Bridges are safe: officials

Canadian authorities tried to reassure the public about the safety of bridges in the country following the collapse of a bridge in Baltimore, Md., early Tuesday morning after it was rammed by a container ship.

Halifax Harbour Bridges, which operates the two spans across the harbour between Halifax and Dartmouth, said it has taken steps to mitigate the risks of collisions between ships and bridges. The Crown corporation says it is notified by the port authority every time a commercial vessel is scheduled to pass underneath the spans.

"Bridge patrol staff provide physical lookouts on the bridges as ships pass, and a complex series of cameras monitor and record the transit," the corporation said in a news release.

As well, rock islands built around the piers of the bridges in 1983 offer further protection, Halifax Harbour Bridges said.

Rock islands or other protective structures appear to have been missing from the piers of Francis Scott Key Bridge in Baltimore, said Bruno Massicotte, an engineering professor at Polytechnique Montréal.

The bridge was struck around 1:30 a.m. by a container ship that lost power and rammed into one of the piers, sending vehicles plunging into the water. Six people are missing and presumed dead.

Massicotte said he is surprised that the bridge's piers weren't protected to absorb the energy from a possible ship strike.

"When you have a bridge pier in the waterway, it has to be protected against ship impacts," Massicotte said in an interview Tuesday.

The easiest way to do that is to surround a pier with concrete, steel or rocks, which can all absorb the energy from a potential strike and block a vessel from hitting the bridge itself, he said. Canada's bridge code requires piers to be similarly protected if they are considered to be vulnerable to ship strikes.

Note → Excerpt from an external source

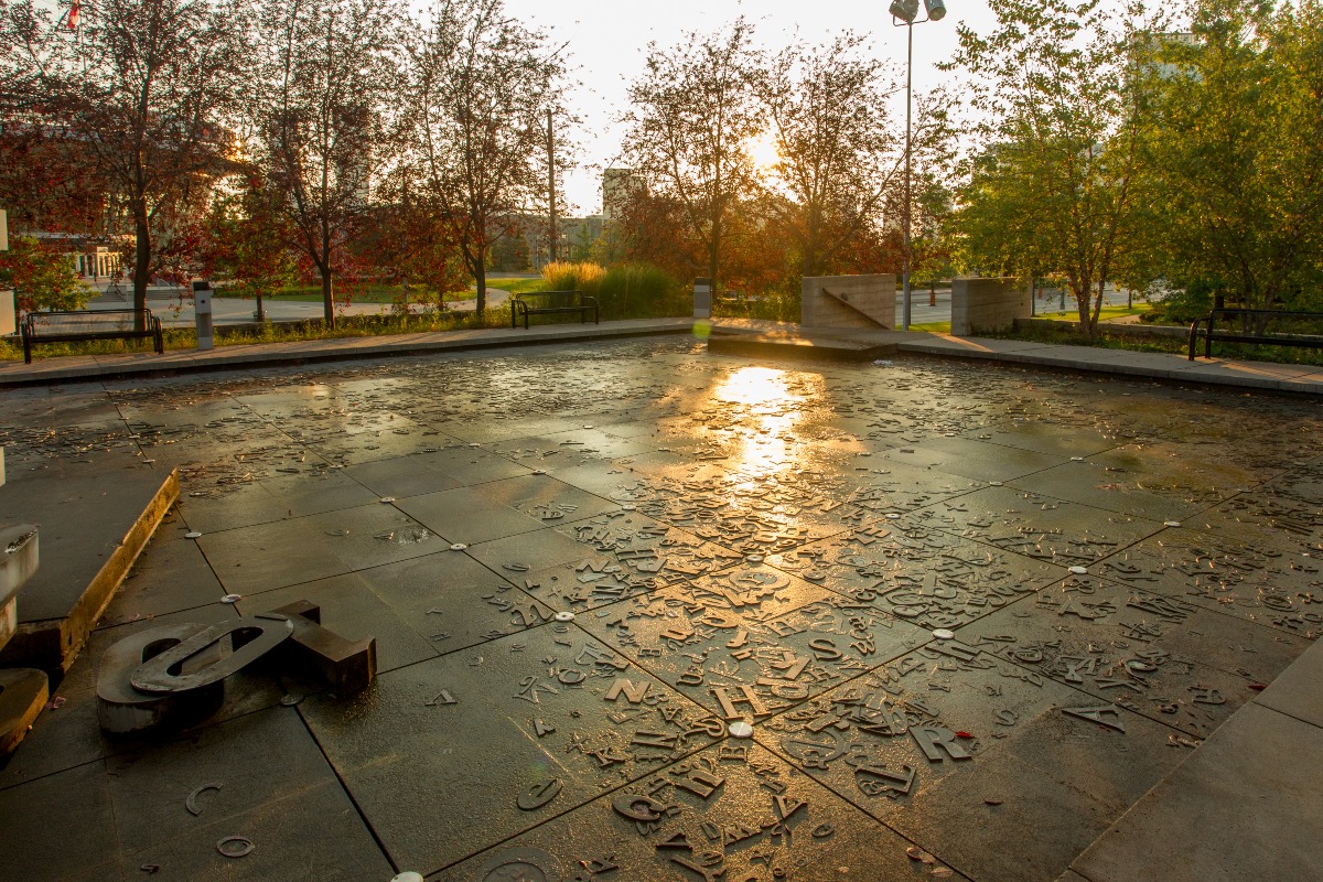 Pool of Knowledge is a square water fountain, featuring flooring made of panels that incorporate letters of the alphabet. In 1997, when the artwork was created, the internet was known as the “information superhighway”. The work symbolizes letters being transformed into digital code, suggesting the coming information age but also indicating the overwhelming nature of this information. The artwork asks its viewer to consider how can information be deciphered and how can one navigate this new digital landscape?

"A bridge pier is not designed to resist that kind of impact, so that's why we put things in the water," he said.

Quebec's Transport Department, which is responsible for several bridges spanning the St. Lawrence River, said it has protected the piers of the only bridge under its jurisdiction that has been judged at risk of being struck by commercial ships.

That bridge, the Laviolette Bridge connecting Trois-Rivières, Que., to Bécancour, Que., is built from the same material as the span that collapsed in Baltimore, department spokesman Louis-André Bertrand said in an email.

In 1986, Bertrand said, the department conducted "massive" work to create protective islands around the bridge's piers.

"As a result, if a ship approaches one of the foundation units, it will be stopped by the granular material around the pier and will not be able to reach it," he wrote, adding that in 1992 a boat ran aground near the bridge without causing any damage to the structure.

Most other large bridges over the St. Lawrence River don't have piers located in shipping lanes, he said.

In British Columbia, the Ministry of Transportation and Infrastructure said plans are in the design stage to protect the Lions Gate Bridge and Ironworkers Memorial Bridge, both of which connect Vancouver to neighbouring suburbs, from ship collisions.

"We are enhancing the existing concrete collar at the base of the south tower of the Lions Gate Bridge with an in-water rock-fill berm," the ministry said in an emailed statement. "The north tower already has one. We will also be installing in-water deflection structures at the Ironworkers Memorial Bridge."

Elena Dragomirescu, an engineering professor at the University of Ottawa, said any bridge, regardless of its age, could collapse if it is struck by a large cargo ship. "Bridges need all the components to work together. If one of the components is damaged, or collapsed in this case, then the entire bridge is at risk," she said in an interview Tuesday.

But it is rare that bridges collapse because they are struck by ships, she said. Dragomirescu said she's more worried about the structural integrity of decaying spans across Canada that could come down because of poor maintenance — like in 2006 in Laval, Que., when a highway overpass collapsed and killed five people.